Written by guest blogger Perditax
What belief requires in this context is that the listener take a woman’s statements seriously. That’s all. No more. No less. Here’s an example of that sort of belief:
Think of a small child, about 4 years old. This child tells you with absolute certainty that there’s a monster in her closet. You have two choices. The first option is that you can believe her. You can believe that she believes in the monster. You don’t have to believe in the monster yourself; you just need to believe that this monster is a problem the child is having that needs to be addressed. So you investigate. You stay up with her one night and listen for the monster.

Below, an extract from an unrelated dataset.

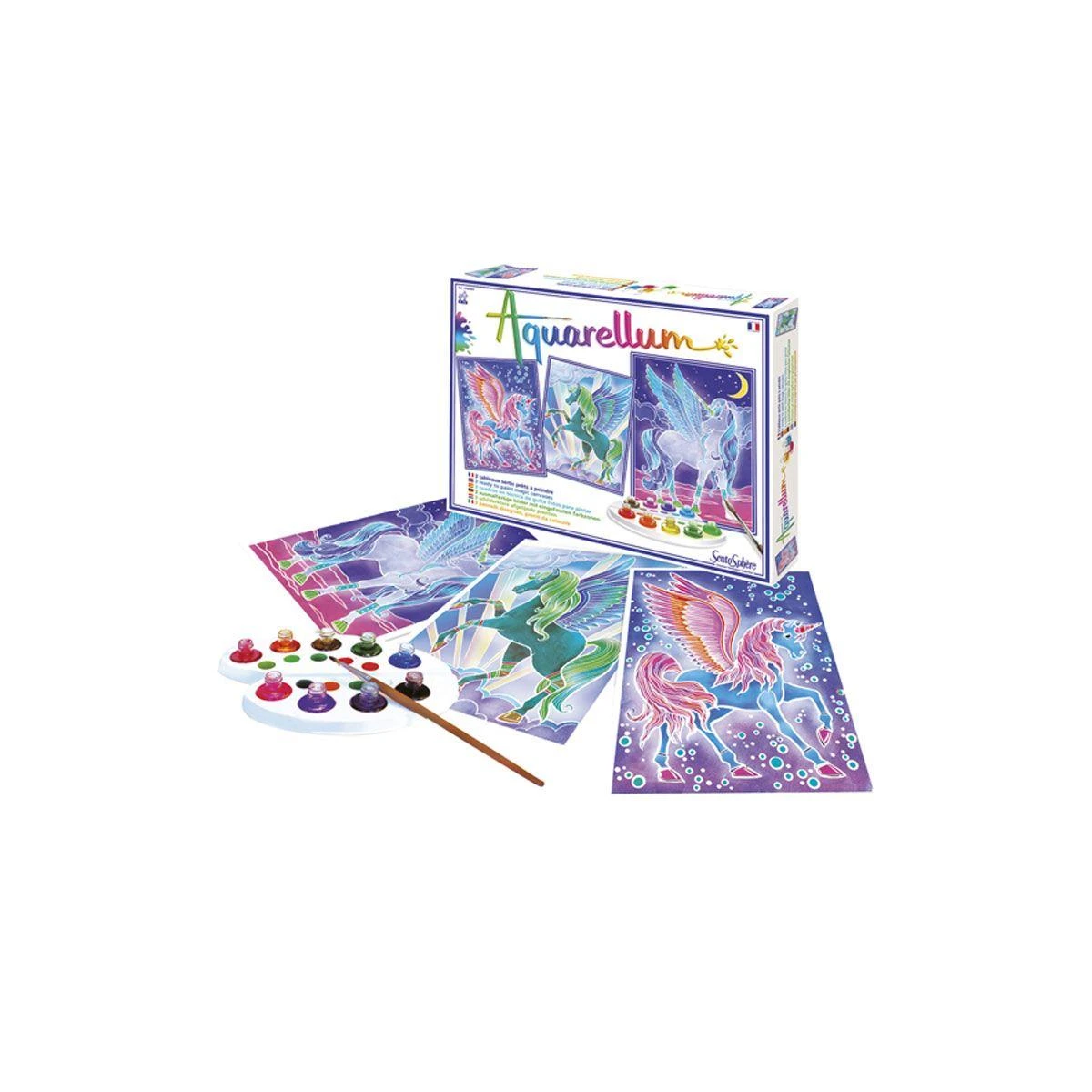Muni de sa palette et de son pinceau aquarelle, votre enfant concentre toute son attention sur la combinaison des couleurs pour réaliser le plus beau des Aquarellum Pégase. Avec la technique de sertissage Aquarellum, de Sentosphère, qui lui permet de ne pas déborder, il s’initie à une nouvelle manière de peindre et plonge dans l’univers des animaux mythiques ! Le coffret Aquarellum Pégase renferme 3 tableaux pour 3 variations autour du cheval ailé, Pégase. Votre artiste en herbe développe sa créativité en peignant son Aquarellum Pégase… Préparez-vous à organiser une exposition de ses créations pour toute la famille !

Are there any mysterious noises in the closet that sound monster-like? Is there a mouse in the walls making scary scratching sounds? Do you need to have a talk with the cat? Are there any shadows that look particularly scary when the lights are out? Or is there no “proof” of a monster at all? If there’s no proof of a monster, then the child is still definitely afraid of something, and this fear is expressing itself as fear of monsters. So, you talk with the child, ask what she’s afraid of other than the monster. Try to figure out how to soothe her fears. Try to figure out what the monster really is. Fear of a new school? Fear of the new baby brother or sister that’s on the way taking her place or taking her mom away from her? You find out what this monster is. Together, you and the child find this monster, real or imaginary, and deal with it.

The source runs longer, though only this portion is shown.